Was the affair exposed?
Do you have children?


----------



## toolate (Sep 22, 2009)

Just know that he may be easily irritated by things you do if they are different then what the OW did that he liked. He may think in his head "well, she never would have said that" or something similar. I know that I would get so frustrated with my husband when he wouldnt talk with me, or allow me to seduce him for myself and for thinking about what the OM did with me and allowed me to do to him. It made me wonder about restarting things, but I didnt. I stayed focused and began to replace + thoughts of the other person with other things... he doesnt like football, doesnt even know the scores and I LOVE football, or it would be awful to live with a husband who was unemployed and cheating (he lost his job a few months after we stopped seeing each other). I actually feel sorry for HIS wife!

In other words, your husband will need to be willing to reframe how he views his time with the other woman. I can safely say that I am at a point where I wouldnt want to be "his" woman... it was ok being the side fling, but he is not responsible enough. 

That being said, he has to be over her in order to do that. I dont how long they were together and how long it has been since they stopped or how intense a connection they had.

It can happen, but he has to be open to it, and you have to be ready for it.


----------



## LilBit35 (Sep 27, 2010)

Ok so yes I am sure it is over with the OW....she dumped him and you all are right he went through a really tuff time when she broke up with him called and text all times of the day....they have had no contact since DDAY as far as I can tell which was 07/21/2010. I found out only after it had been fully over for 3 weeks but no physical contact since May. I didnt know that was the reason why he was so angry and moody but it makes since now!
He tells me that he Loves me and that yes he is in love with me...we have started the date nights and hangin out but I still go home to the home we bought and have shared togeather alone and he sits in his apartment....I dont know what he does there! I hate the things that go through my mind...I think is he texting someone else? He does still keep in touch with a girlfriend from before him and I met and I did call her and she said that nothing has gone on and he says the same thing but when I pull the cell phone records her number comes up often not every day and not all day but often...she told me that she thinks that if she told him that she wanted him back he would go in a heart beat so then what am I supposed to think...He said that isnt true but all he does is lie to me anyway!
We started seeing a new MC last night....she said to take moving back into the same house off the table that it isnt a option right now...I could tell he was happy with that answer! It just pissed me off and I wouldnt talk anymore!

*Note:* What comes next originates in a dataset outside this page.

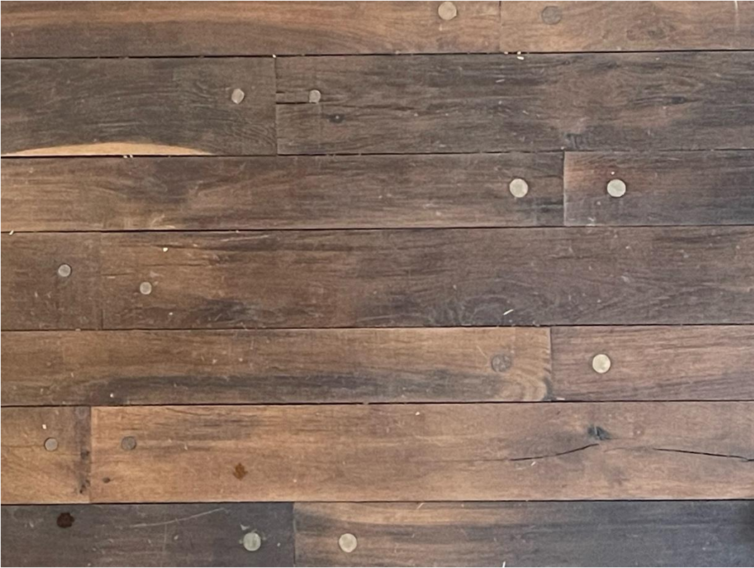
Piso con tabla de 10 X 1 X 100 con perforaciones tapadas con tarugo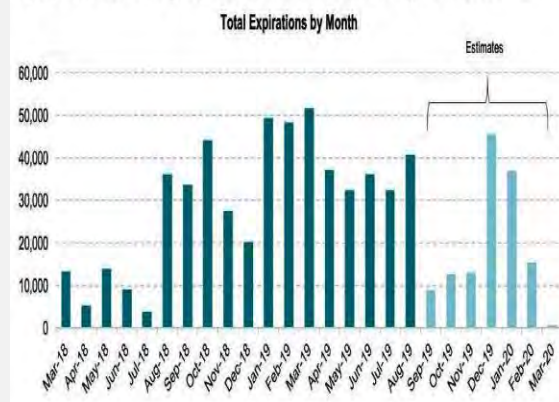
Figure 1. Predicted DACA Expirations from March 2018 through March 2020

I dont think it is a good idea that he moves home until we can get along for more than a day but I also think he should have that as a goal...he told the MC that he is fine either way so to me it doesnt sound like he even wants to move back any time soon!
I was shocked when he made the next app because yesterday when I told him I found a new MC (he didnt like the first one) he fought me all the way...but I am glad that he likes this one even though I might not...I will give it some time!
She seems to be marriage friendly I think...I wont know beings she is new to us! She did ask if we were trying to R or part ways and he was the one that said R so that gave me a bit of hope...she kinda made me mad when she said that I will have to let the past be the past....its been a 3 months not so far past for me right now!
I drove him to his apartment and he kissed me and told me he loved me and I told him I loved him and I knew he was tired and didnt feel good but he asked me up to watch a movie and hang out which was really nice...we ate ice cream and talked he told me I could stay but I decided to leave on a good note...when I got home there was a text saying he had a good time and he loved me so maybe this MC is what we need!
I told her that I do not see R in our future if we keep fighting! She also asked me what was the one thing I needed for him to do this week that would make me feel better about us and I said stop hiding the phone, but Idont see that happening and his was for me to stop asking everyone what he has said or trying to get information...I told her that was the only way I got the truth and she said to try it for a week so I guess...
I am at a stand still I hate feeling this way...I just want my life back with out the lies and secrets and hes not there yet! I dont know if he even wants to be there.....


----------



## Affaircare (Jan 11, 2010)

I believe I can help you, LilBit35. 

I am going to suggest something that may sound a little radical, but please read to the whole end of the suggestion and think about it, okay? Just to be sure I have the facts straight, your hubby has moved out and is not living at home. He initially moved out because of his affair, but the OW broke up with him end of July. Right now, he's saying he wants to "ease back into" the marriage and you want him to stop jerking around and honor his vows!  Is that about it?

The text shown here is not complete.